Like I said in the last update we were dropping DMiL at the airport on our way through Houston, but her flight wasn’t until like 5:00 PM, so we were going to waste a little time so she wouldn’t have to sit at the airport for too long. Eventually, around 11:30 we took our last look at the ocean before heading back to the mainland.






I didn’t take many more pictures today since we were all so exhausted! We stopped at Buc-ee's again...of course DS3 needed some BBQ chips and then before long he looked like this:






We dropped DMiL at the airport at about 1:00 and we headed off towards Arlington, in the Dallas area at about 1:30. We were staying the night there and then had one last fun activity planned the next day. Now, the traffic from Houston to Dallas is very often thick on the two lane highway, but today it was extra thick. It was a Sunday, in the summer, the weekend after the 4th of July, so it was a big travel day and the roads were packed. It is normally about a three hour drive from Houston to the Dallas Metroplex. Today it took five hours! I mean it was stop and go the entire 170 miles. Somehow I managed the only other picture of the day of the Sam Houston statue in Huntsville:






The boys were tired and DS3 slept for a while, but they actually did ok on the trip despite how slow things moved.

We finally made it to our hotel at about 6:30, a Residence Inn Arlington. The hotel was ok, a little old, but it had a nice amount of space and a separate room for us and the boys to sleep in. We got settled and I ran to Steak and Shake for dinner. It was good, although they didn’t remember we ordered shakes and looked at me like I’d lost my mind when I reminded them. Eventually I got them, but why is the service always so bad at Steak and Shake. I mean we love the food, but the service is always so questionable!

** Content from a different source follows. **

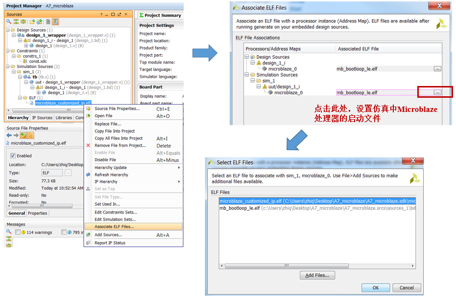 Step4:将导入的elf文件链接到对应的处理器,使其作为该处理器的启动程序。注意,elf文件只允许associate至Microblaze,工具不支持链接到ZYNQ。

We were done eating by 8:00 and the boys were asleep by 8:15. Again...we were tired! DW and I fell asleep not long after, but we had a little more fun tomorrow before heading home!

*Up Next: We Get Our Theme Park Fix*​


----------



## cstorm65

*Day 10 - Part 1 - We Get Our Theme Park Fix*

After a long and good night's sleep we didn’t get up until around 8:00, which is late for our boys! We headed down for breakfast at the hotel. The boys enjoyed the fruit loops!











By about 10:00 we left the hotel to head over to get our theme park fix for the vacation at Six Flags Over Texas. We arrived at about 10:10 and had done preferred parking since we get so many of those each year with our membership. It is a great benefit!






We made it to security at about 10:20 and it was fairly crowded for a 10:30 opening, but I’m always amazed at the lack of organization at Six Flags. They had three of 16 metal detectors working for the large rope drop crowd. I just have to remind myself it’s ok...this is not Disney World! Anyways, we made it into the park by about 10:40 and headed off to our first ride.






The boys were guiding us with their maps!











We first walked by what was a brand new dark ride called the Justice League which looked pretty cool. We planned on checking that our after doing our first coaster.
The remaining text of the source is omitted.